MATERIALS PROVIDED:
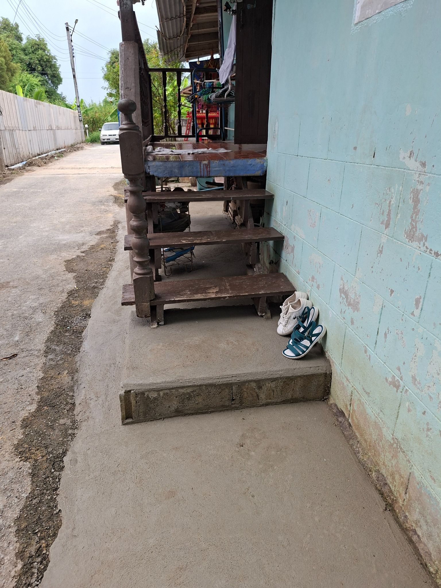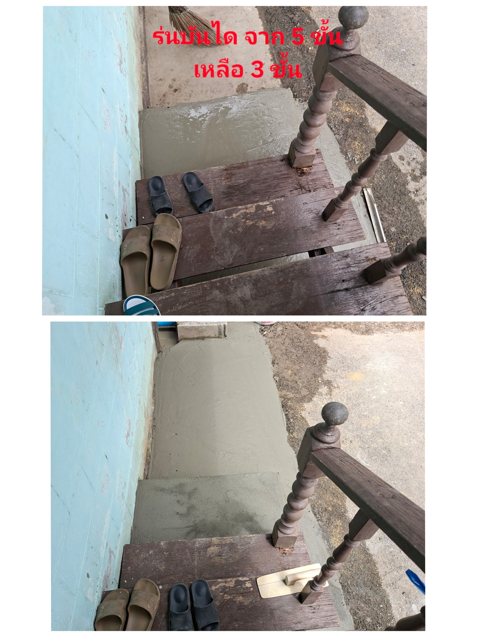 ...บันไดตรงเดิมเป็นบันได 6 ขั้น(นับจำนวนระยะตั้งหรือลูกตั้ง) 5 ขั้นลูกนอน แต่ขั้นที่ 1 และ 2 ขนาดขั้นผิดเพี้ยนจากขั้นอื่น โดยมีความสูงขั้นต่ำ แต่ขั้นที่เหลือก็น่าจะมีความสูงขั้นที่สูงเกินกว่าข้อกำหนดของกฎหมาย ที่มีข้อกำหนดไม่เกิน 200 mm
--
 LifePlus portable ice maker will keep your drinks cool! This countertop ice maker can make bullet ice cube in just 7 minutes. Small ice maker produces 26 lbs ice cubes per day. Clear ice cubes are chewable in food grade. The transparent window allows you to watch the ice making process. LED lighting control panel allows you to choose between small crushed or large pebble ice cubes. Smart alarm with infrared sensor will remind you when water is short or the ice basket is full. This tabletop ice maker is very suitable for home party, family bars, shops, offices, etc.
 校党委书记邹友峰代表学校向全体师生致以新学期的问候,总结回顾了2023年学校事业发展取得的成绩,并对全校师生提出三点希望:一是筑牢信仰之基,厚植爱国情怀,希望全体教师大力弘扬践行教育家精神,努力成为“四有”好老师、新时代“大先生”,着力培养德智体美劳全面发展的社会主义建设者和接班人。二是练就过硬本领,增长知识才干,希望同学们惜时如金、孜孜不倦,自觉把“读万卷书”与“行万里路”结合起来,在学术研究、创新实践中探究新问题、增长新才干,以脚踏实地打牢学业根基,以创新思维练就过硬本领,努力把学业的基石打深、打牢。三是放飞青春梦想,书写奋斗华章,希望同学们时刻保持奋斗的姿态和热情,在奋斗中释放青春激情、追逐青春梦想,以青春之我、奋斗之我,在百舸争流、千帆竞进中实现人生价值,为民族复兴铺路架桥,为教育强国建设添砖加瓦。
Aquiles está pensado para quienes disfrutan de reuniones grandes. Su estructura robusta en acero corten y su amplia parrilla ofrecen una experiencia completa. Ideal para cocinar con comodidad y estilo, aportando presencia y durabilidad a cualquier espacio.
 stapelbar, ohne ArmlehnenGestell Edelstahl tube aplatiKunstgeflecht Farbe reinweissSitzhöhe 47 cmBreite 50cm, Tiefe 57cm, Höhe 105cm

INSTRUCTIONS TO FOLLOW: Above are the records; from them, give again exactly the lines from the one containing "校党委书记邹友峰代表学校向全" through the one containing "stapelbar, ohne ArmlehnenGestell", both included.

RESPONSE TO THIS EXERCISE:
 校党委书记邹友峰代表学校向全体师生致以新学期的问候,总结回顾了2023年学校事业发展取得的成绩,并对全校师生提出三点希望:一是筑牢信仰之基,厚植爱国情怀,希望全体教师大力弘扬践行教育家精神,努力成为“四有”好老师、新时代“大先生”,着力培养德智体美劳全面发展的社会主义建设者和接班人。二是练就过硬本领,增长知识才干,希望同学们惜时如金、孜孜不倦,自觉把“读万卷书”与“行万里路”结合起来,在学术研究、创新实践中探究新问题、增长新才干,以脚踏实地打牢学业根基,以创新思维练就过硬本领,努力把学业的基石打深、打牢。三是放飞青春梦想,书写奋斗华章,希望同学们时刻保持奋斗的姿态和热情,在奋斗中释放青春激情、追逐青春梦想,以青春之我、奋斗之我,在百舸争流、千帆竞进中实现人生价值,为民族复兴铺路架桥,为教育强国建设添砖加瓦。
Aquiles está pensado para quienes disfrutan de reuniones grandes. Su estructura robusta en acero corten y su amplia parrilla ofrecen una experiencia completa. Ideal para cocinar con comodidad y estilo, aportando presencia y durabilidad a cualquier espacio.
 stapelbar, ohne ArmlehnenGestell Edelstahl tube aplatiKunstgeflecht Farbe reinweissSitzhöhe 47 cmBreite 50cm, Tiefe 57cm, Höhe 105cm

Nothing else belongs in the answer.